Service de transport

135 licences de taxi cherchent toujours preneurs

17 Mai 2017 Par Jean-Michel Hennebert
Sur les 550 licences disponibles actuellement sur l’ensemble du pays, seules 415 sont attribuées. Les candidats ont jusqu’au 15 juin pour transmettre leur dossier.  (Photo: Paperjam/DR)

Deux mois et demi après la fin de la période transitoire mise en place suite à la réforme du secteur, la liste des autorisations officielles vacantes a été publiée en début de semaine. Plus d’une centaine sur les 550 auparavant délivrées par les communes restent à attribuer.

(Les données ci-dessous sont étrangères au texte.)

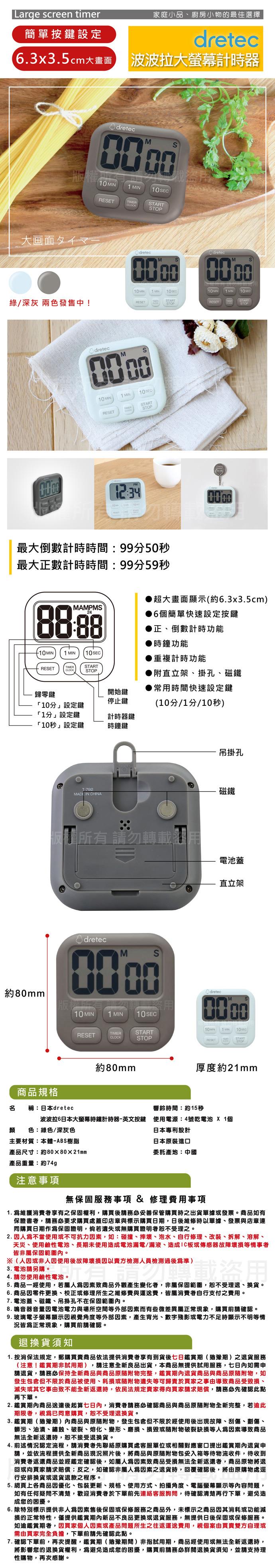 【日本dretec】波波拉日本大螢幕時鐘計時器-6按鍵-深灰色 (T-792DG)

Le grand ménage souhaité par les autorités dans le milieu des taxis semble porter ses fruits. Deux mois et demi après l’application entière de la nouvelle loi encadrant le secteur, le ministère du Développement durable et des Infrastructures (MDDI) a réalisé un premier bilan des mesures entrées en vigueur le 1er septembre dernier. Purement technique et publié lundi au Mémorial B, ce dernier a consisté à dresser la liste des licences disponibles sur l’ensemble du territoire. Sur les 550 actuelles, accordées auparavant par les communes et désormais gérées par le MDDI, 135 n’ont pas trouvé preneur. Ou, du moins, ne sont plus attribuées.

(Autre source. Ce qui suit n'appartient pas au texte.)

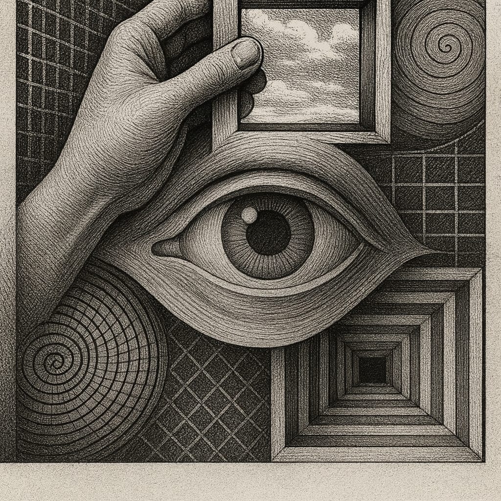 And here’s the trap: you cannot step outside to inspect the frame, because you are the frame. Any attempt to examine your perceptual limits uses the very apparatus you’re trying to examine. Consciousness studying consciousness. The eye trying to see itself seeing.

«Ce que nous constatons, c’est que beaucoup d’exploitants n’ont pas fait l’échange entre l’ancien et le nouveau système», note Jean-Paul Maas du service Taxis, au sein du MDDI. Autrement dit, tous les acteurs qui avaient bénéficié d’une autorisation accordée par une commune, soit ne répondent désormais plus aux critères définis par la loi, soit ont souhaité concentrer leur activité. Car sans surprise, les demandes effectuées depuis le 1er septembre se concentrent sur la capitale et sa proche banlieue. Dotée d’une capacité de 290 licences maximum, la zone 1 ne possède encore que 25 disponibles, contre 65 pour la zone 2 (cantons de Capellen et d’Esch-sur-Alzette, qui doivent en avoir 140 au maximum), selon le recensement effectué.

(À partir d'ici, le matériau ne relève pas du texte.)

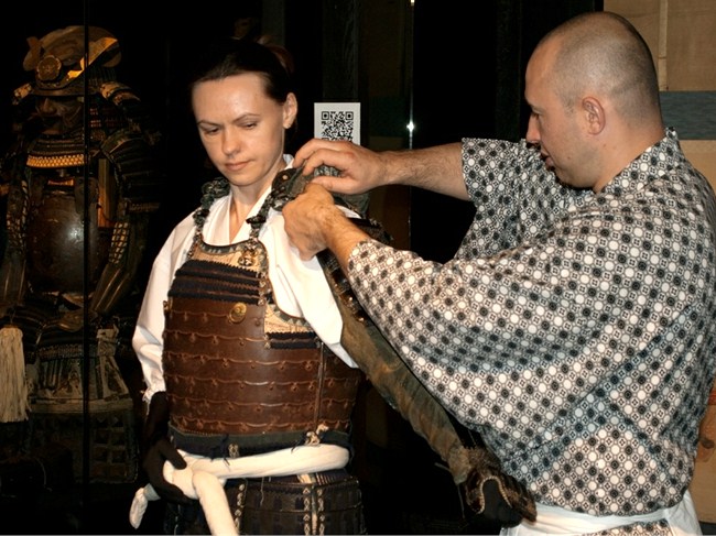 Демонстрация облачения в доспех (зал даймё). Проводят Дмитрий Белинцев и Оксана Пшемыская (Этно-шоу "Последний самурай").

825 licences maximales d’ici 2025

Bien que qualifiées d’«ordinaires», les autorisations qui cherchent preneur peuvent aussi bien convenir aux véhicules thermiques traditionnels qu’aux voitures «zéro émission». Une catégorie particulièrement recherchée par les exploitants de sociétés de taxis, puisque représentant deux tiers des demandes enregistrées lors de la mise en place du nouveau dispositif. «Environ 70 demandes pour ce type de véhicules ont été enregistrées sur notre plateforme dans les minutes qui ont suivi sa mise en œuvre, sur un total de 110», précise Jean-Paul Maas. Un attrait qui vient donc mettre un point final aux doutes émis à de nombreuses reprises par les professionnels du secteur qui s’interrogeaient notamment sur l’absence d’infrastructures suffisantes pour la recharge des véhicules ou le flou autour de la compatibilité des différentes normes en vigueur. 

L’attribution des 135 licences vacantes se fera au 25 septembre «par lettre recommandée avec accusé de réception», selon le document publié au Mémorial B. Les demandeurs qui recevront une réponse négative se verront, eux, maintenus sur une liste d’attente. Entrée pleinement en vigueur le 1er mars, avec pour objectif de faire baisser les prix, la loi devrait faire l’objet d’un bilan global au cours des prochains mois, a priori début septembre, soit une année après l’entrée en vigueur officielle du texte. Selon les estimations du ministère, le nombre de licences doit augmenter dans les années à venir pour atteindre un maximum de 825 d’ici 2025, en fonction des prévisions démographiques actuelles qui tablent sur un Luxembourg «entre 750.000 et 800.000 habitants» à cet horizon.